*** RECORD EXTRACTS ***

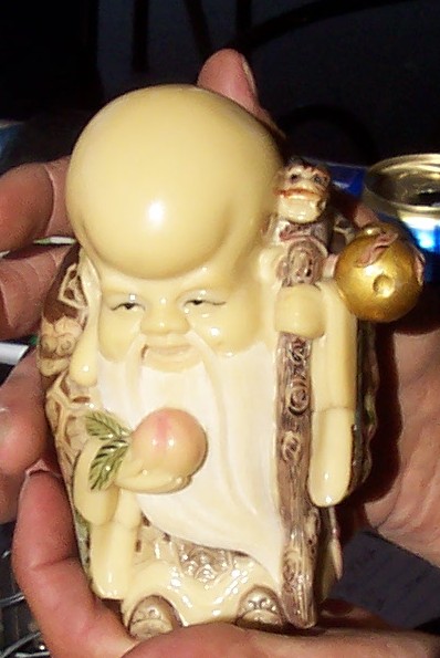 Possible ivory statue of Chinese god of longevity. Has detailed painting of robe, staff, etc. Holding a peach in hand. Special markings on bottom of statue written in chinese.
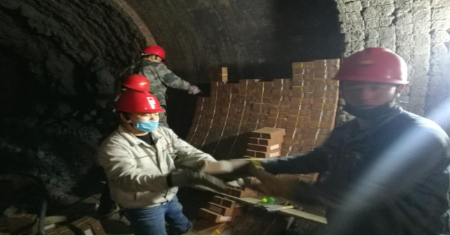 在回转窑挖补窑砖现场,他们手传手,开展接力,窑砖补填……
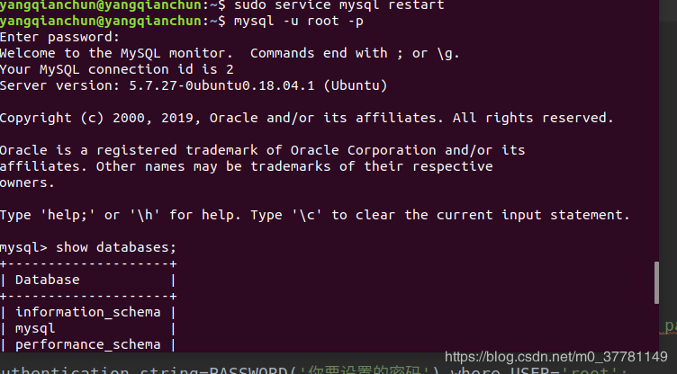 然后輸入指令quit,退出mysql,執(zhí)行重啟mysql指令sudo service mysql restart;
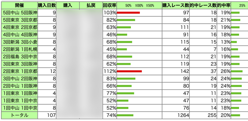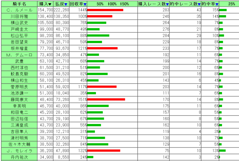 女性騎手はなんか当たっている印象があったが、古川奈穂だけプラスだった。高倉、長岡の0%とかはまあ、一本当たっていたらくらいしか買っていない。
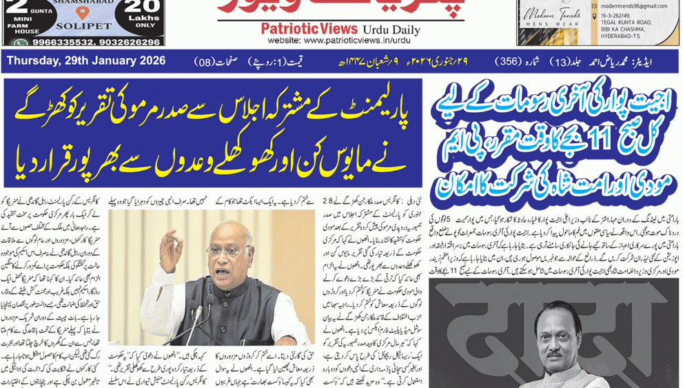 #اردو روزنامہ 2026/01/29 Patriotic Views / 4 ہفتے جمعرات 10 شعبان 1447هـ 0 0منٹ میں پڑھا جائے Post Views: 18 Share:

***

WHAT TO PRODUCE: Transcribe every line from the one with "然后輸入指令quit,退出mysql,執(zhí)行重啟mysql指令sudo service mysql" to the last line of the records above, exactly, excluding pictures.

SOLUTION TO THIS EXERCISE:
 然后輸入指令quit,退出mysql,執(zhí)行重啟mysql指令sudo service mysql restart;
 女性騎手はなんか当たっている印象があったが、古川奈穂だけプラスだった。高倉、長岡の0%とかはまあ、一本当たっていたらくらいしか買っていない。
 #اردو روزنامہ 2026/01/29 Patriotic Views / 4 ہفتے جمعرات 10 شعبان 1447هـ 0 0منٹ میں پڑھا جائے Post Views: 18 Share:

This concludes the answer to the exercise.